The choice of technology for delivering UX is getting wider. Three years back it would have been (in most cases) a simple choice of Windows Forms or HTML+JScript. Today ISVs are trying to pick a UX technology which will serve them well for the next 5 or 10 years. The choices include:
- HTML+JScript
- HTML + AJAX https://www.asp.net/ajax/
- Windows Forms https://windowsclient.net
- Windows Presentation Forms
- Silverlight 1.0 https://silverlight.net/Default.aspx
- Silverlight 1.1 (adding .NET support) (a great blog entry by Conchango)
- Office 2007 (Inside Word or Excel or...) (Office Business Applications)
- Sharepoint 2007 (As Web Parts, BDC etc)
Not to mention UX frameworks such as:
- Smart Client Software Factory https://www.codeplex.com/smartclient
- Project Acropolis https://windowsclient.net/acropolis/
The old days of HTML vs Windows Forms were simple enough for an ISV to navigate and make a choice.
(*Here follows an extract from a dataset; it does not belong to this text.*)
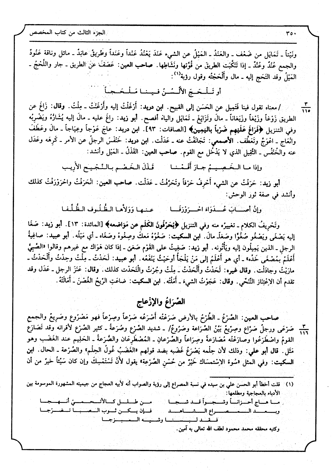 ونَيتاً - تمايل من ضف - والعَنَد - الْميل عَن الشَّيْء عنَدَ يعنُد عنْداً وعنَداً وَطَرِيق عانِد - مائل وناقة عَنود وَالْجمع عُنُد وعنّد - إِذا تنكّبَت الطَّرِيق من قوّتها ونشاطِها. صَاحب الْعين: عصَف عَن الطَّرِيق - جَار واللّحْج - الميْل وَقد التحَج إِلَيْهِ - مَال وألحَجْتُه وَقَول رؤبة: أَو تلْحَج الألسُن فِينَا مَلْحَجا مَعْنَاهُ تَقول فِينَا فَتميل عَن الحسَن إِلَى الْقَبِيح. ابْن دُرَيْد: أرْغَلت إِلَيْهِ وأرغَنتُ - ملْت. وَقَالَ: زاغ عَن الطَّرِيق زَوغاً وزَيغاً وزَيَغاناً - مَال وتزايَغ - تمايل وَالْيَاء أفْصح. أَبُو زيد: راغ عَلَيْهِ - مَال إِلَيْهِ يُشارّه ويضربه وَفِي التَّنْزِيل) فراغَ عَلَيْهِم ضرْباً بِالْيَمِينِ (. ابْن دُرَيْد: عاج عوْجاً وعِياجاً - مَال وعطَف وانْعاج - اعوجّ وتعطّف. الْأَصْمَعِي: تجانَفْت عَنهُ - عدلْت. ابْن دُرَيْد: خنْفس الرجل عَن الْأَمر - كرِهه وَعدل عَنهُ والخُنْفُس - الثّقيل اذي لَا يدْخل مَعَ الْقَوْم. صَاحب الْعين: القَذَل - الْميل وَأنْشد: وَإِذا مَا الخَصيم جَار أقمْنا قَذَل الخصْم بالنّجيح الأريب أَبُو زيد: حرَفْت عَن الشَّيْء أحرِف حرْفاً وتحرّفْت - عدلْت. صَاحب الْعين: انحرفْت واحرَوْرَفْت كَذَلِك وَأنْشد فِي صفة ثَوْر الْوَحْش: وَإِن أصابَ عُدَواءَ احرَوْرَفا عَنْهَا وولاّها الظّلوف الظُّلَّفا وتحريف الْكَلَام - تَغْيِيره مِنْهُ وَفِي التَّنْزِيل) يحرِفون الكلِم عَن مواضِعه (. أَبُو زيد: صَغا إِلَيْهِ يصغى ويصغو صُغُوّاً وصَغاً - مَال. ابْن السّكيت: صغْوُه معكَ وصِغْوه وصَغاه - أَي ميْلُه. أَبُو عبيد: صاغية الرجل - الَّذِي يميلون إِلَيْهِ ويأتونه. أَبُو زيد: صغيتُ على الْقَوْم صغًى - إِذا كَانَ هَوَاك مَعَ غَيرهم وَقَالُوا الصَّبِي أعلَم بمُصْغى خدّه - أَي هُوَ أعلم إِلَى من يلجأ أَو حَيْثُ يَنْفَعهُ. أَبُو عبيد: لحدْت - ملت وحدْتُ وألحَدْت - ماريْت وجادلْت. وَقَالَ غَيره: لحدْت وألحَدْت - ملت وجُرْت والتحدْت كَذَلِك. وَقَالَ: عنَز الرجل - عدل وَقد تقدم أَن الاعتِناز التّنحّي. وَقَالَ: عجوْت الشيءَ - أملْتُه. ابْن السّكيت: ضاعتِ الريحُ الغُصْنَ - أمالتْه.
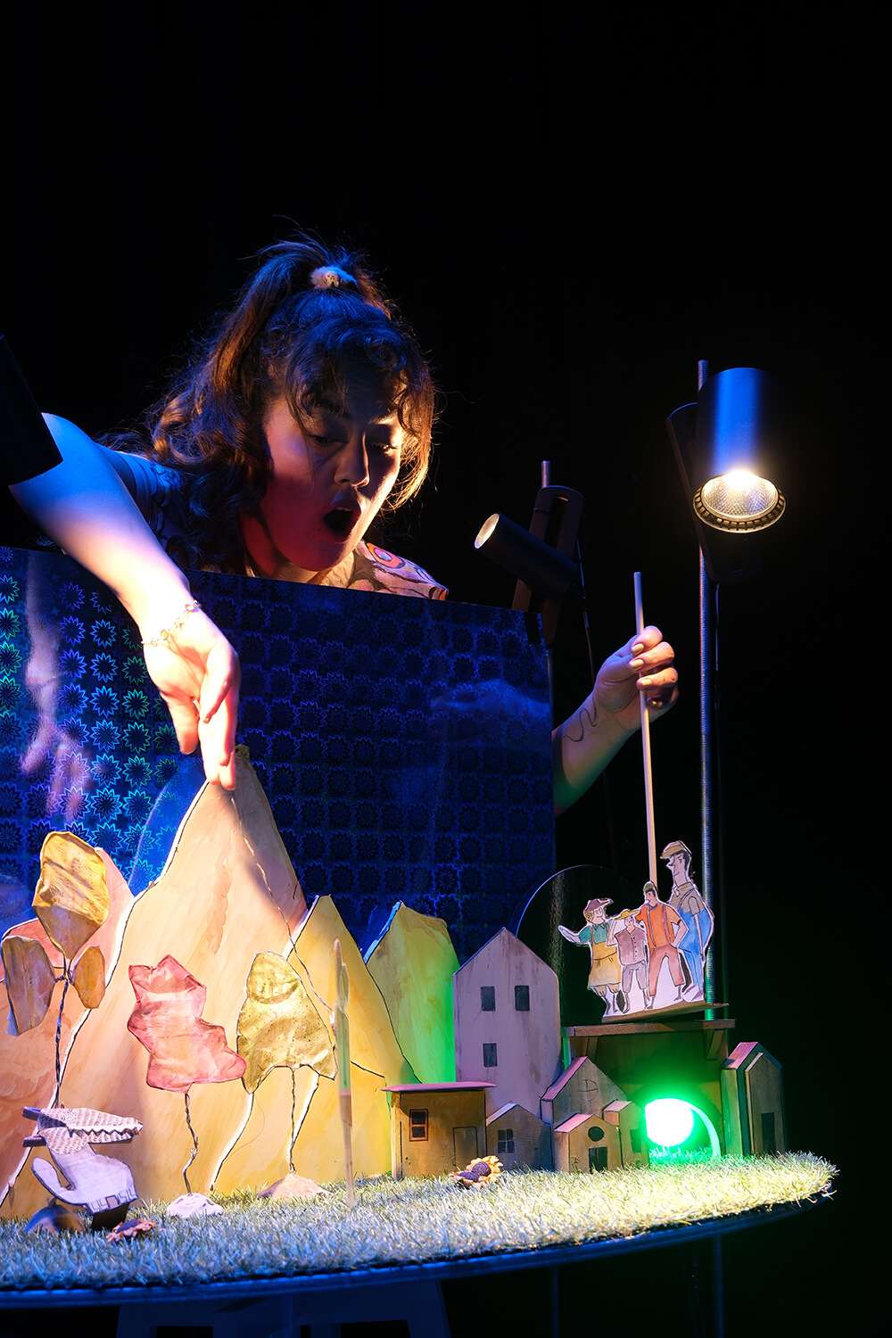 Aslında dekorumuz diğer oyunlarımıza kıyasla daha küçük; minik tasvirlerimiz ve kuklalarımız var. Ancak masalın kilit noktalarını aktarırken sahne tasarımı en büyük destekçimiz oluyor. Bunu nasıl sağladın?

But the above list begins to show just how difficult the choice is today. Silverlight (IMHO) really does make the choice significantly more difficult.
Why? Well - I can either:
- Rapidly build a rich, interactive, visually appealing client using Windows Forms (or WPF) which will only run on Windows XP and above and require a large install of .NET Framework. Potentially they will need to use technologies such as Terminal Services for certain customers. The client potentially can work great offline.
- or
- I can more slowly (for now!) build a rich, interactive, visually appealing client using Silverlight which will run on Windows XP and above and Mac OS X and Linux and require a very small client side install. They client needs to be online.
Right now building a 100+ screen LOB application in Silverlight 1.0 would take a very, very long time. Silverlight 1.1 will significantly change that.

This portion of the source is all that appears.